YOUR TASK -
Exclude all pictures, then write out exactly the lines below from the first one through the line with "Vi rakk både".

[Start of section]

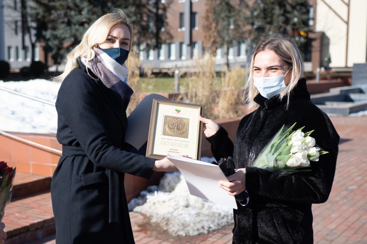 Biuro specialistėms įteikti Jonavos rajono mero padėkos raštai, o specialistei Julijai Giršienei perduotas ir Savivaldybių visuomenės sveikatos biurų asociacijos įsteigtas apdovanojimas „2020 m. specialistui“.
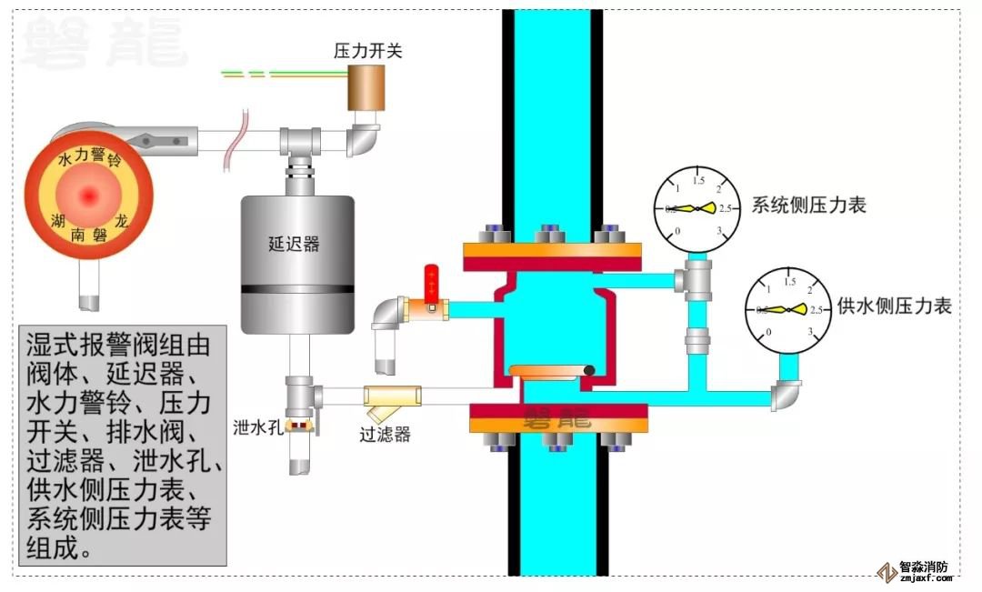 1、湿式报警阀组由阀体、延迟器、水力警铃、压力开关、排水阀、过滤器、泄水孔、供水侧压力表、系统侧压力表等组成。阀体被座圈和阀瓣分成上、下两腔,上腔(系统侧)与系统管网相通,下腔(供水侧)与水源相通。座圈上有多个沟槽小孔,沟槽小孔与报警水道相通。准工作状态时,沟槽小孔被阀瓣封闭,水流不能进入报警水道。阀体上设有补偿器(类似小孔单向阀),当系统侧管网有微小渗漏或水源压力有波动时,可以通过补偿器平衡阀体的上下腔压力,避免误报警。
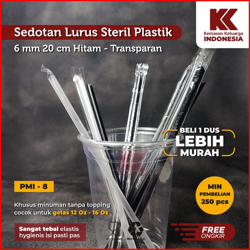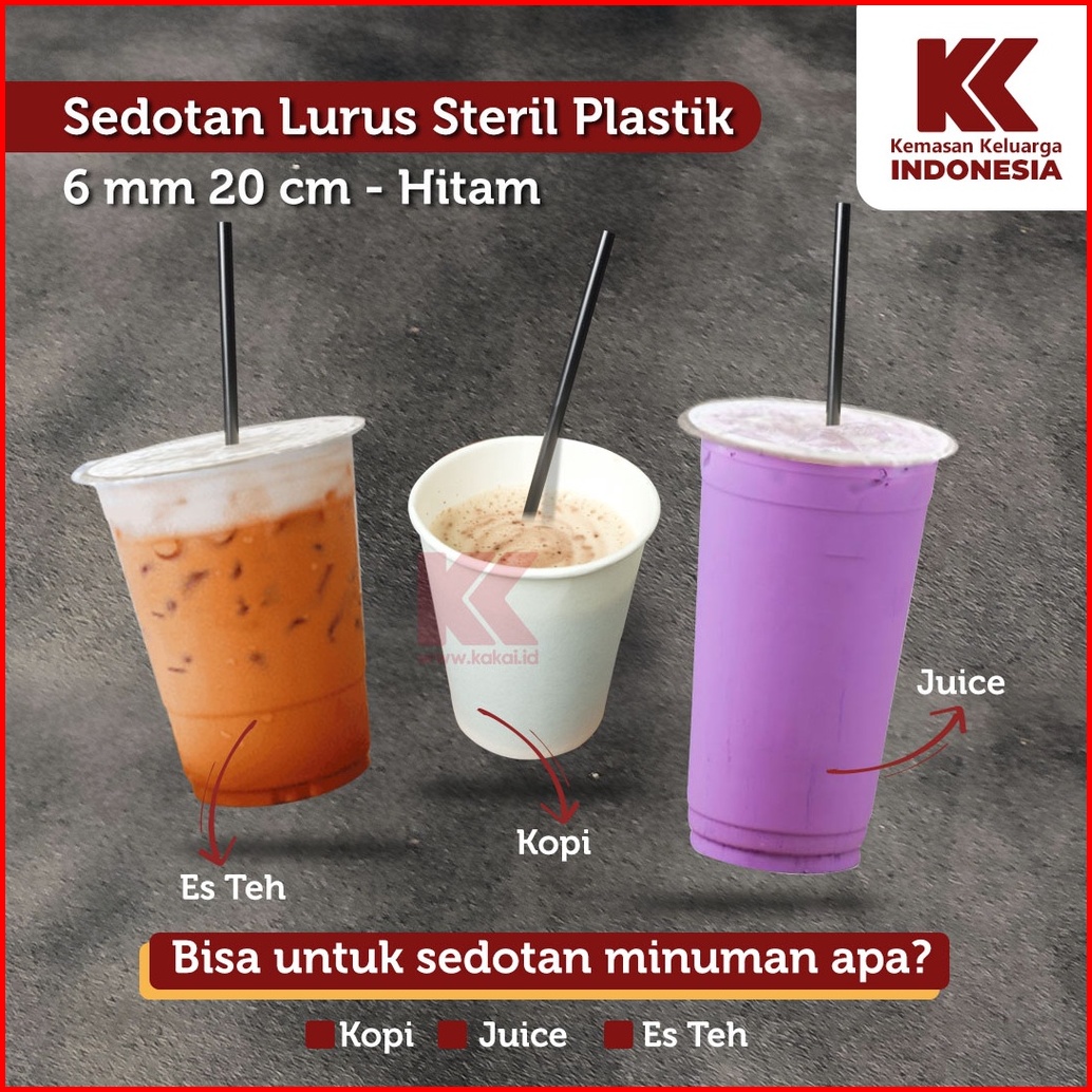 Sedotan Kopi Steril Sedotan Hitam Steril Runcing 6mm 20 Cm 250pcs
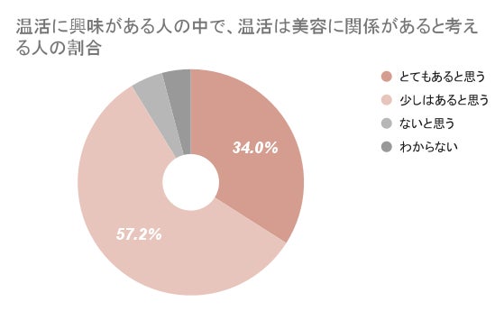 「温活に興味がある」と回答した人のうち、「温活は美容に関係がある」と回答した人は9割以上(93.3%)に。温活に興味がある方のほとんどが、美容と温活に相関関係があると認識しているようです。
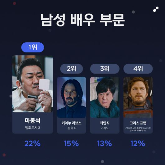 마지막으로 남성 배우 부문은 천만 영화 반열에 오른 <범죄도시 3>의 마석도를 연기한 마동석이 <존 윅 4>의 키아누 리브스, [카지노]의 최민식 등을 제치고 올 상반기 최고의 배우로 꼽혔다.
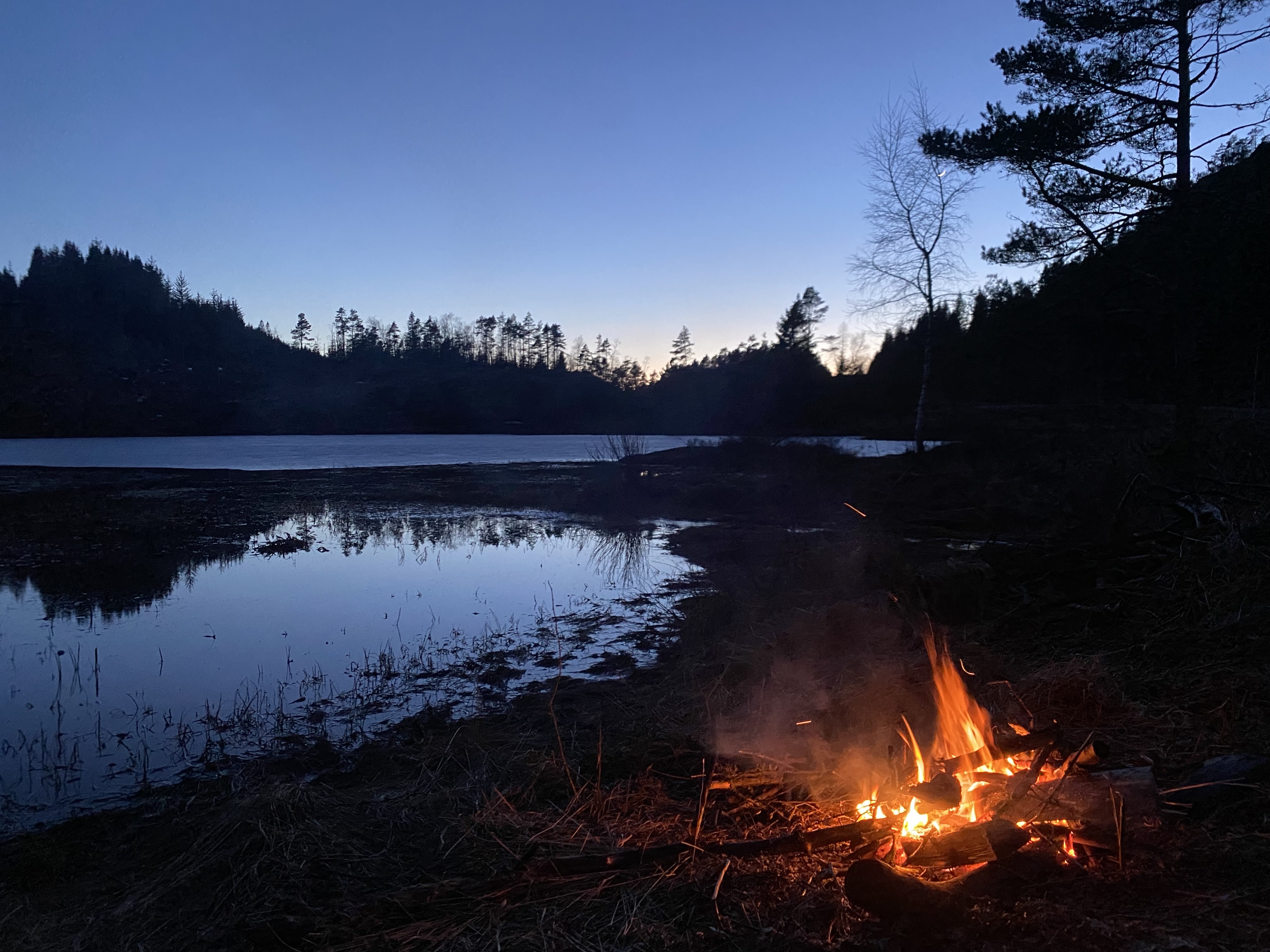 Vi rakk både å få opp teltet og klargjøre soveposer og underlag og å lage middag på primusen og spise den, før sola gikk ned. Det var nesten ikke vind, og vi nøt de siste varmende strålene fra sola. Og så var det bare å få laget bål og holde liv i det for å kunne sitte ute videre utover kvelden. Temperaturen falt raskt, og det var nok bare 1- 2 grader da klokka ble 21 og bålet var for lite til å holde oss varme.
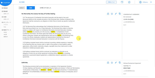 また、全ての契約書を法務チームでリーガルチェックしているのですが、「こういう条文はどういう表現をしていたかな」と思った時に、条文検索機能を利用して、レビューの際の参考にするということもしています。この辺りは山内さんがメインで担当しているのですが、山内さんいかがでしょうか。
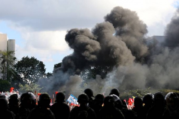 A marcha, convocada pelos trabalhadores com o apoio das frentes Brasil Popular e Povo Sem Medo, é contra as reformas trabalhista e previdenciária e foi fortemente reprimida pela Polícia Militar. Os participantes do protesto também pediram a saída do presidente Michel Temer e a realização de eleições diretas.

[End of section]

RESPONSE BOX -
 Biuro specialistėms įteikti Jonavos rajono mero padėkos raštai, o specialistei Julijai Giršienei perduotas ir Savivaldybių visuomenės sveikatos biurų asociacijos įsteigtas apdovanojimas „2020 m. specialistui“.
 1、湿式报警阀组由阀体、延迟器、水力警铃、压力开关、排水阀、过滤器、泄水孔、供水侧压力表、系统侧压力表等组成。阀体被座圈和阀瓣分成上、下两腔,上腔(系统侧)与系统管网相通,下腔(供水侧)与水源相通。座圈上有多个沟槽小孔,沟槽小孔与报警水道相通。准工作状态时,沟槽小孔被阀瓣封闭,水流不能进入报警水道。阀体上设有补偿器(类似小孔单向阀),当系统侧管网有微小渗漏或水源压力有波动时,可以通过补偿器平衡阀体的上下腔压力,避免误报警。
 Sedotan Kopi Steril Sedotan Hitam Steril Runcing 6mm 20 Cm 250pcs
 「温活に興味がある」と回答した人のうち、「温活は美容に関係がある」と回答した人は9割以上(93.3%)に。温活に興味がある方のほとんどが、美容と温活に相関関係があると認識しているようです。
 마지막으로 남성 배우 부문은 천만 영화 반열에 오른 <범죄도시 3>의 마석도를 연기한 마동석이 <존 윅 4>의 키아누 리브스, [카지노]의 최민식 등을 제치고 올 상반기 최고의 배우로 꼽혔다.
 Vi rakk både å få opp teltet og klargjøre soveposer og underlag og å lage middag på primusen og spise den, før sola gikk ned. Det var nesten ikke vind, og vi nøt de siste varmende strålene fra sola. Og så var det bare å få laget bål og holde liv i det for å kunne sitte ute videre utover kvelden. Temperaturen falt raskt, og det var nok bare 1- 2 grader da klokka ble 21 og bålet var for lite til å holde oss varme.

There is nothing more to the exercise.